#### RECORDS SHOWN
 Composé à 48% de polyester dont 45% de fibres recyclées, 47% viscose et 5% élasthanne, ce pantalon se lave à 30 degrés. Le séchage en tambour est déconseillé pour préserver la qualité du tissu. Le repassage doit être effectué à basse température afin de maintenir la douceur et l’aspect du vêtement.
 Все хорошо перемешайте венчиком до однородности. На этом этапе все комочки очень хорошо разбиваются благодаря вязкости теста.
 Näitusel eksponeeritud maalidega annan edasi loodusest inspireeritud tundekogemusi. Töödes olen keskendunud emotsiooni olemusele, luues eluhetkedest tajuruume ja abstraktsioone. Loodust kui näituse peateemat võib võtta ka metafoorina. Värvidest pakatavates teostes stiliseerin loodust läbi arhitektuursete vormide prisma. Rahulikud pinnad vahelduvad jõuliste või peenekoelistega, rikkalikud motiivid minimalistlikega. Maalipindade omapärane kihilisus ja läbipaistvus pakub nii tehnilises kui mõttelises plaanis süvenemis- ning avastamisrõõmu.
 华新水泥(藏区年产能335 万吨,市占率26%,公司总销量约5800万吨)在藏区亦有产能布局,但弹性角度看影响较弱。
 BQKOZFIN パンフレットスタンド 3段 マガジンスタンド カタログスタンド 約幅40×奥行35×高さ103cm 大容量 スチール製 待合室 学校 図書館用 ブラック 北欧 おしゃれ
########
#### RECORDS SHOWN
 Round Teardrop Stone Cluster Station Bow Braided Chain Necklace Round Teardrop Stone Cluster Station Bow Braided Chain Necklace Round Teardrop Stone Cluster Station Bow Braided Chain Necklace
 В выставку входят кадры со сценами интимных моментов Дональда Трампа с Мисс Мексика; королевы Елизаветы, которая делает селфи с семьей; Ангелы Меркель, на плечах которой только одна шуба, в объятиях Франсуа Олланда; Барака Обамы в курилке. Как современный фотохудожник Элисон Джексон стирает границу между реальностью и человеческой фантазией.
########
#### RECORDS SHOWN
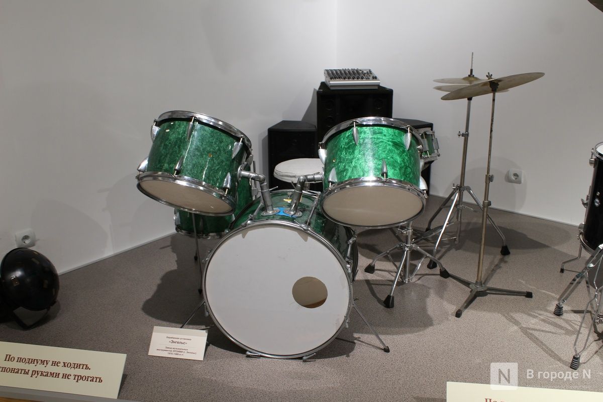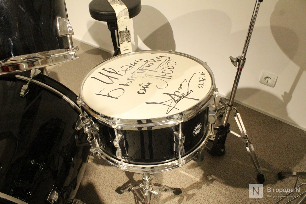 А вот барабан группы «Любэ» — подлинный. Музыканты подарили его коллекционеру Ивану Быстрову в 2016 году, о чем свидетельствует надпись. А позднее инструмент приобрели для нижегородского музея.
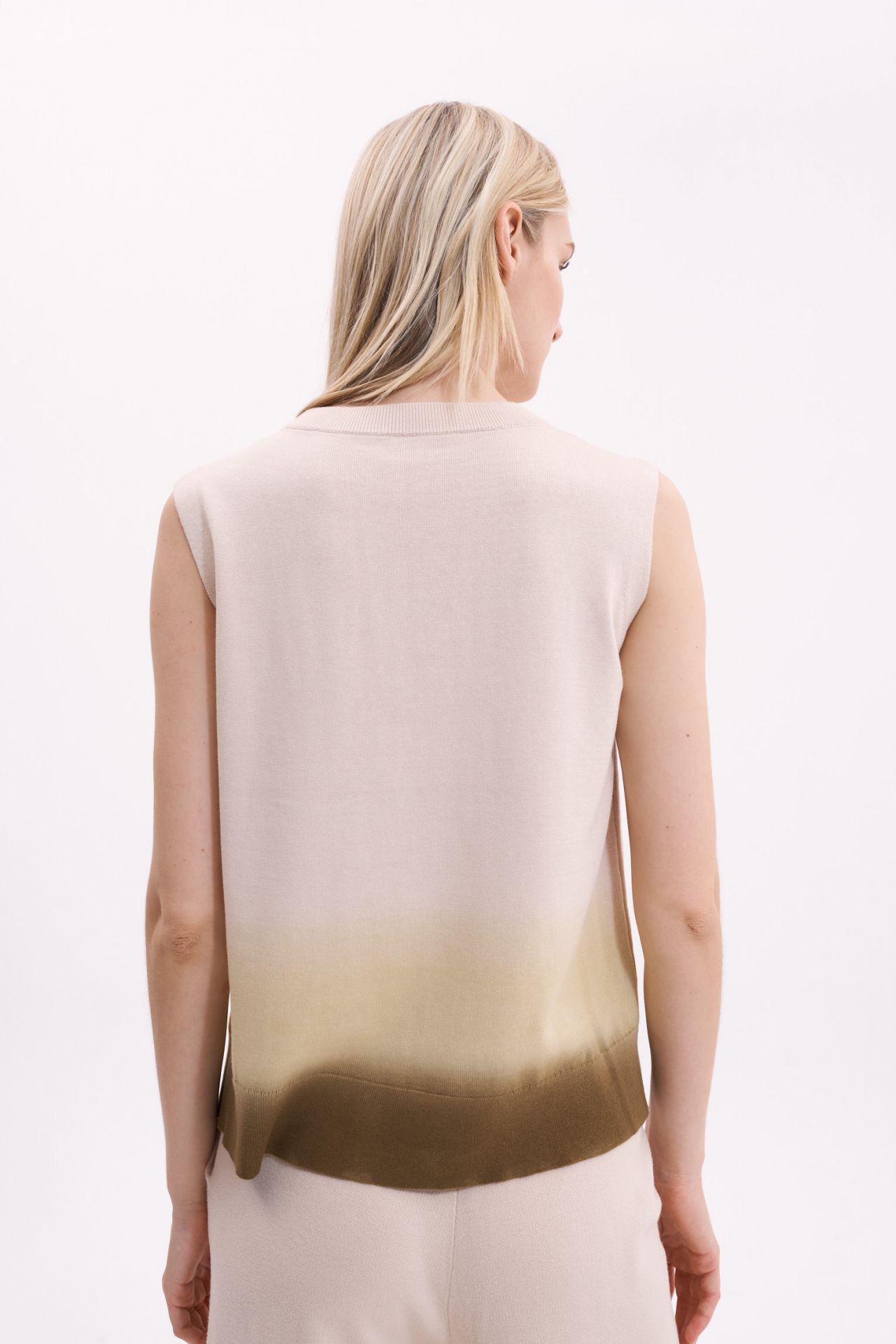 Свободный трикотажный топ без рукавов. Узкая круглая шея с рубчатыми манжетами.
########
→ **REQUIREMENT**:
Within the listing above, print exactly the stretch beginning at the line that contains "А вот барабан" and finishing at the line that contains "Свободный трикотажный топ", ends kept, pictures left out, and nothing more.

→ **EXERCISE ANSWER**:
 А вот барабан группы «Любэ» — подлинный. Музыканты подарили его коллекционеру Ивану Быстрову в 2016 году, о чем свидетельствует надпись. А позднее инструмент приобрели для нижегородского музея.
 Свободный трикотажный топ без рукавов. Узкая круглая шея с рубчатыми манжетами.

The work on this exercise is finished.